Could you help me here?

any thing vs anything
every day vs everyday

Also could you add more similar to these separate and combine words examples with explanations. Thank you. This will definitely be a great help. Have an nice day.


Bernard

Answer
Bernard,

again, I'll try my best:

Any thing - means whatever object.

Examples:

You can take any of those things, but please leave the boxes.
Bring me any (one) thing that belonged to his friend.

Anything can be a noun, a pronoun or an adverb. See the links below for definitions and examples:

http://dictionary.reference.com/browse/anything
http://www.thefreedictionary.com/anything


Everyday is an adjective used to describe things that a) occur daily, or b) are ordinary or common.

Every day, is an adverbial phrase (usually) where the adjective every modifies the noun day. It means each day.
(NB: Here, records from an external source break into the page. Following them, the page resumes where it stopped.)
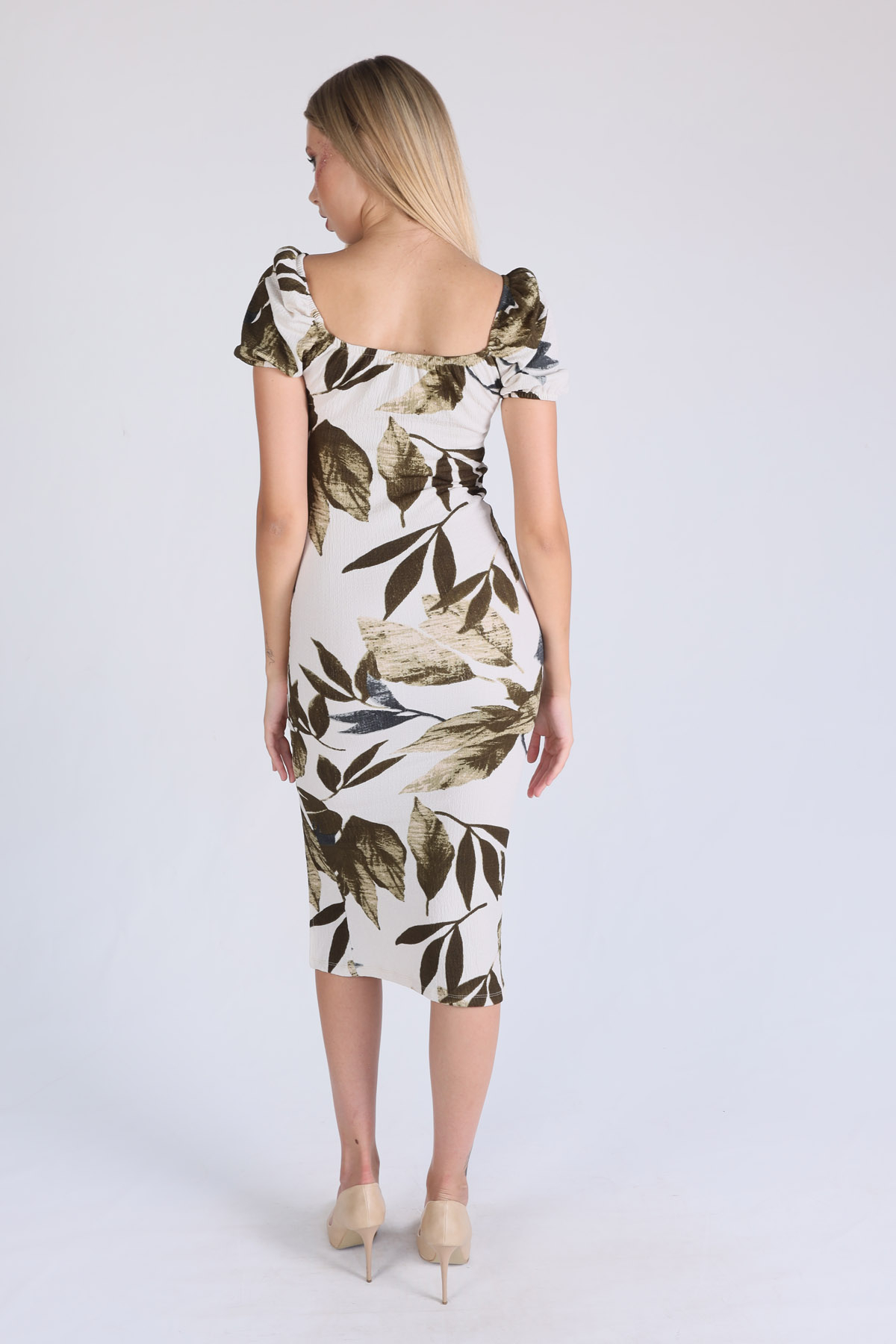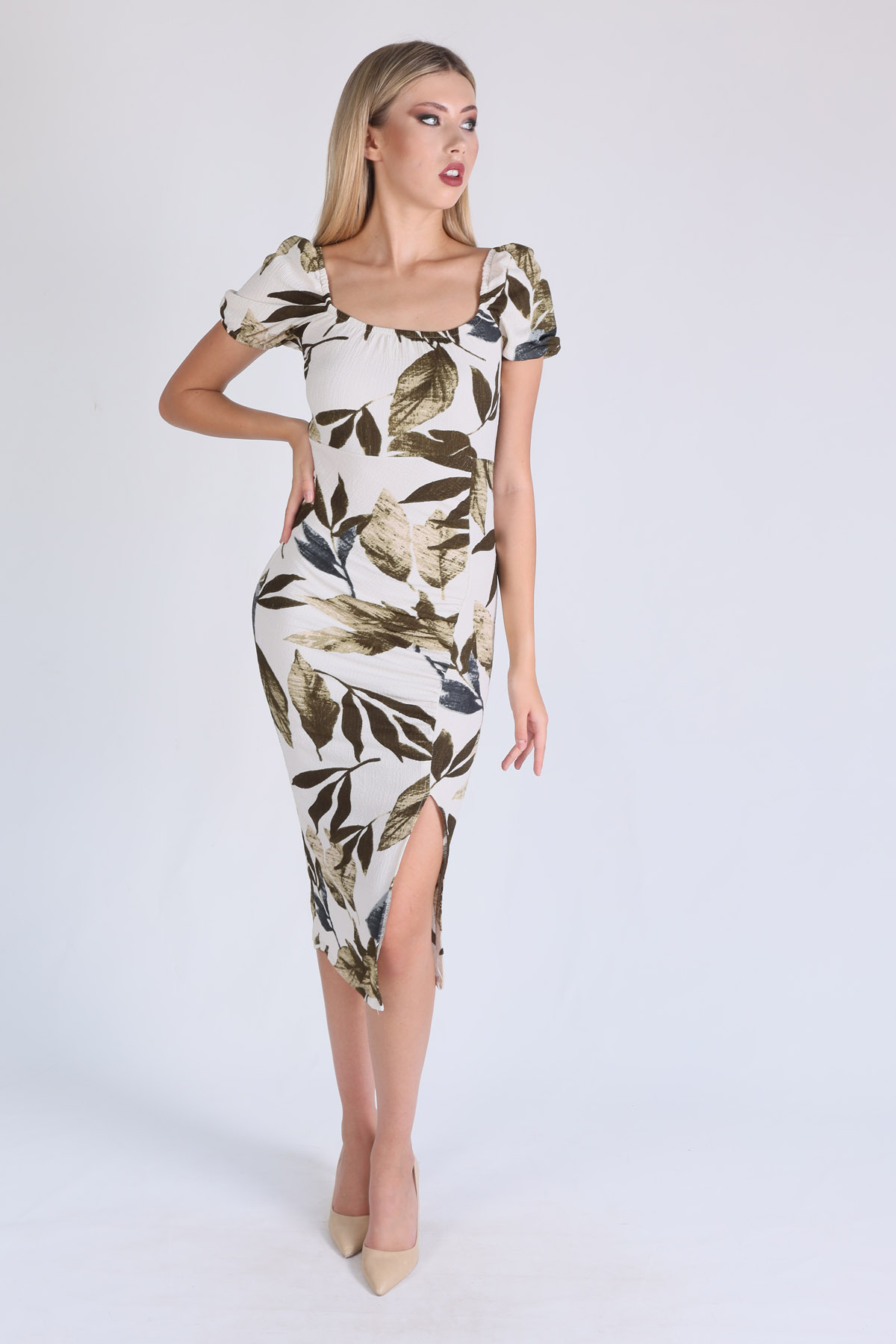 Beyaz Kemerli Çiçek Desenli Elbise 35559 - RAYS Beyaz Kemerli Çiçek Desenli Elbise 35559 - RAYS (1)
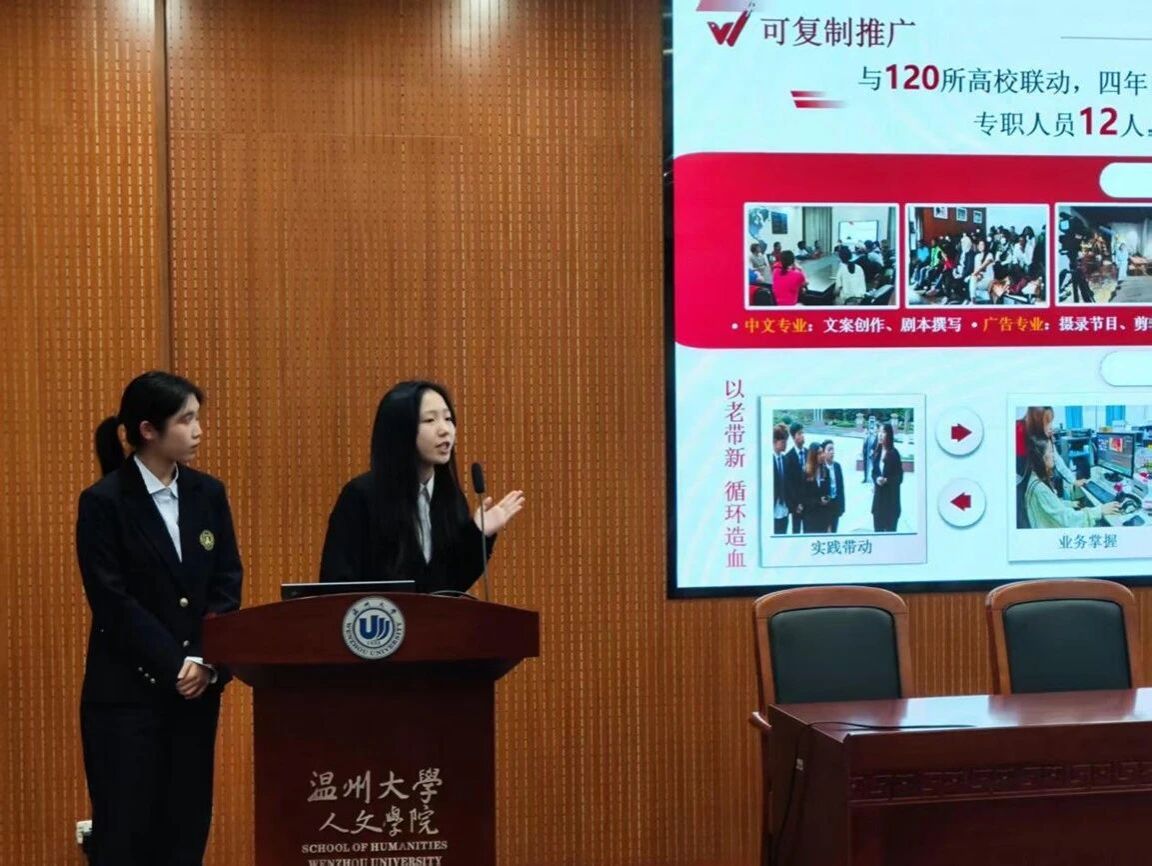 竞赛现场,各项目组在有限的时间内充分展现项目特色与创新价值。“口述共富”团队致力于文化记忆的定制与传承,“轩语纪”项目探索AI技术在社区广告服务中的创新应用,“纸来纸往”将传统纸艺与现代科技巧妙融合,“瓯声朗朗”聚焦中国故事的海外传播。这些项目既体现了人文学科的专业特色,又展现了跨界融合的创新思维,充分彰显了当代大学生敏锐的市场洞察力和强烈的社会责任感。
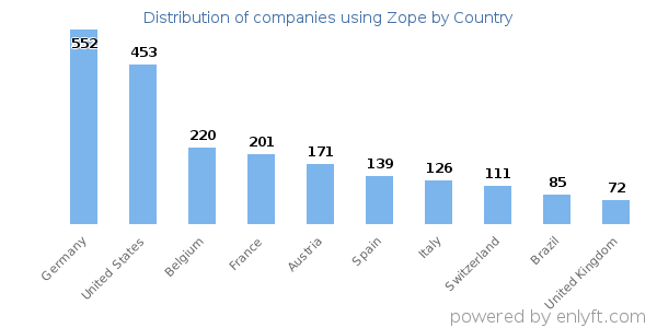 18% of Zope customers are in Germany, 15% are in United States, 7% are in Belgium, 7% are in France and 6% are in Austria.
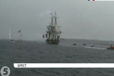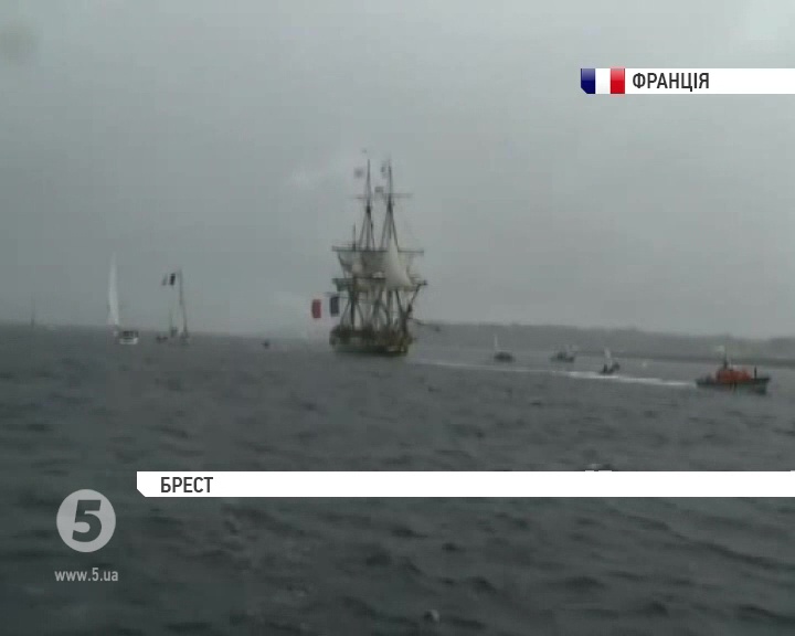 Копія легендарного фрегата "Герміона", на якому генерал Лафайєт здійснив подорож до Сполучених Штатів 1780 року, прибуває до французького міста Брест на міжнародний морський фестиваль вітрильників.
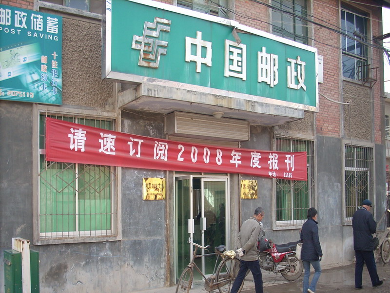 西塬上共有7个乡镇,面积广阔,人口众多.但邮局只有两个,相距较远,一个就在阳郭镇上,这个邮局覆盖4个乡镇,大王,三关庙,阳郭,员曲.这些乡镇的人们一般都是趁赶集的时候来这里邮寄东西或办理其它业务.对他们来说很不方便.我们学生一般邮寄信件或接收资助款有的就是来这里办的.
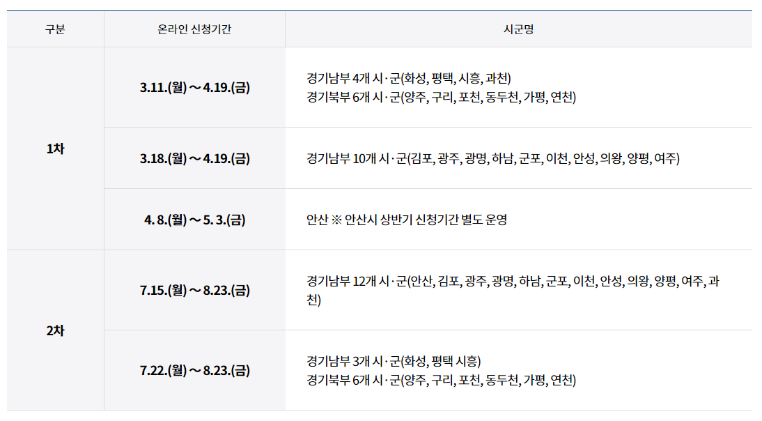 * 2차 신청은 1차 신청기간 중 미신청자 및 전입으로 인한 신규 신청자에 한함
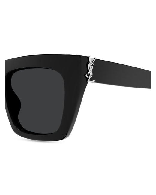 From the Monogram Hinge Collection. These Saint Laurent sunglasses are detailed with a hardware logo at the corners and designed with thick acetate frames. 100% UV protection Solid lenses Includes case and cleaning cloth Acetate/nylon Made in Italy SIZE 52mm lens width 20mm bridge width 140mm temple length Please note: Lens replacement is optional. ABOUT THE BRAND Founded in 1961, Yves Saint Laurent's groundbreaking styles have become iconic cultural and artistic references, and its founder, the couturier Yves Saint Laurent, secured a reputation as one of the twentieth century's foremost designers. Part of the Kering Group, the House kept true to its identity of absolute modernity and fashion authority. Under the creative direction of Anthony Vaccarello, appointed in April 2016, the House offers a broad range of women's and men's ready-to-wear products, leather goods, shoes, jewelry and eyewear. It is also a major force in fragrances and cosmetics. Soft Accessories - Sunglasses > Saint Laurent > Saks Fifth Avenue > Barneys. Saint Laurent. Color: Black Dark Grey.
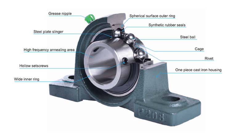 Burko-bloke errodamenduak UCP207 UCP208 Burutzeko blokea Baloia errodatzeko unitateak, oro har, petrolio froga bat gomazko zigilu sintetikoa eta errodamenduaren bi aldeetan duen xafla du.
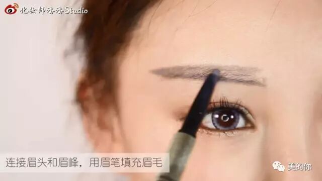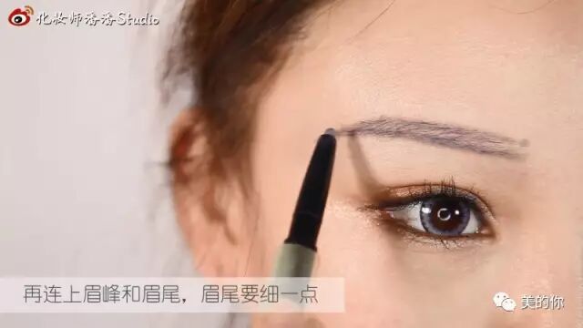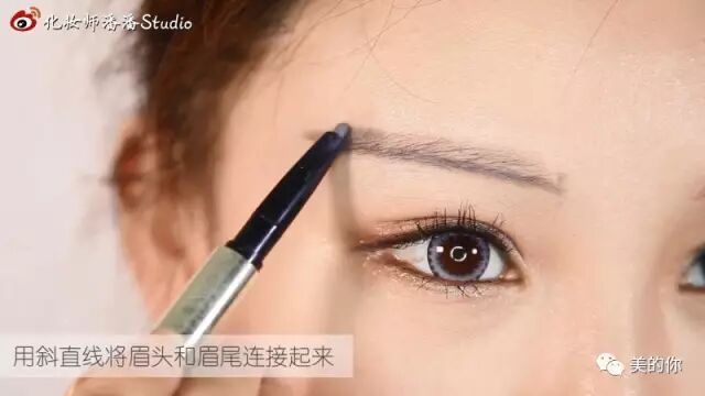2.从眉中间开始画,将眉底和眉尾连接起来
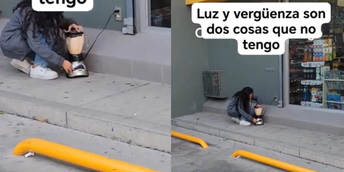 Ante la imposibilidad de utilizar su licuadora en casa para preparar su comida, decidió llevar su electrodoméstico a una tienda Oxxo cercana y conectarlo a una toma de corriente ubicada en el exterior del establecimiento.
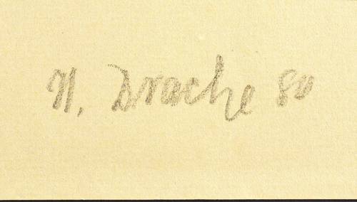 Heinz Drache (1929 Dresden - 1989 Radebeul). Deutscher Maler und Grafiker. 1948-53 Studium an der Hochschule für Bildende Künste Dresden (HfBK) bei Hans Theo Richter, Josef Hegenbarth, Fritz Dähn und Max Erich Nicola. Danach Aspirantur bei Heinz Lohmar. Ab 1953 freischaffend tätig. Mitglied des Verbandes Bildender Künstler der DDR. 1960-80 Gestalter beim DEFA-Trickfilmstudio in Dresden. Ab 1981 wieder freischaffend in Radebeul-Oberlößnitz. Neben Grafik und Malerei schuf er Wandgemälde u.a. für die Lagerhalle des VEB Kaffee und Tee, die Mittelschule Oberlößnitz und den Dresdner Kulturpalast. 1956 Kunstpreis der Stadt Dresden. 1973 und 1979 Goldene Lorbeer des Fernsehens der DDR. 1983 Kunstpreis der Stadt Radebeul.
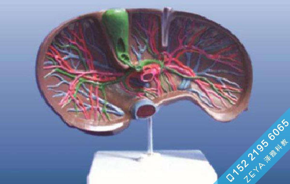 ■该模型显示肝的分叶、肝的血管分支和胆囊、胆管系统等结构,共有28个部位指示标志。
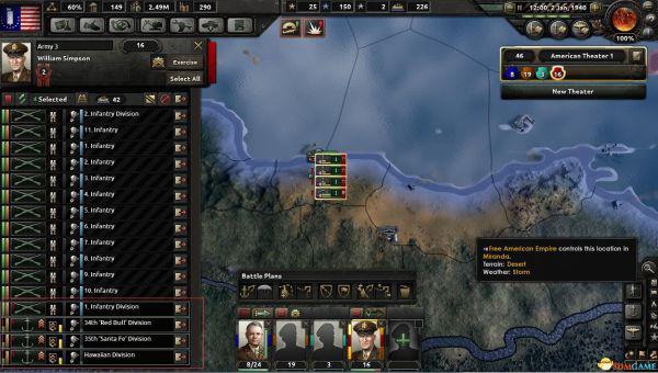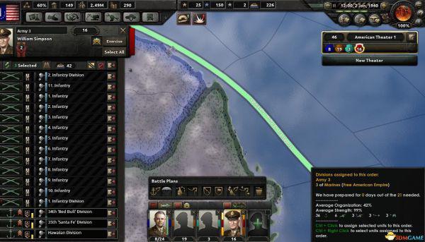 2.选中要登陆的部队,注意没必要单独编一个军,用shift键从本来的军中选需要的就行,这里只选了4个师。

As a rule of thumb, when  you’re unsure as to which one to use, try replacing everyday/every day with each day. If each day makes sense in its place, then you want to use every day (the two words).

Examples:

Einstein's relativity theory might be a difficult topic for everyday people.

You shouldn't wear your everyday clothes on such a special occasion.

My best friend walks her dog every day.

Every day spent away from her kids passes so slowly for her.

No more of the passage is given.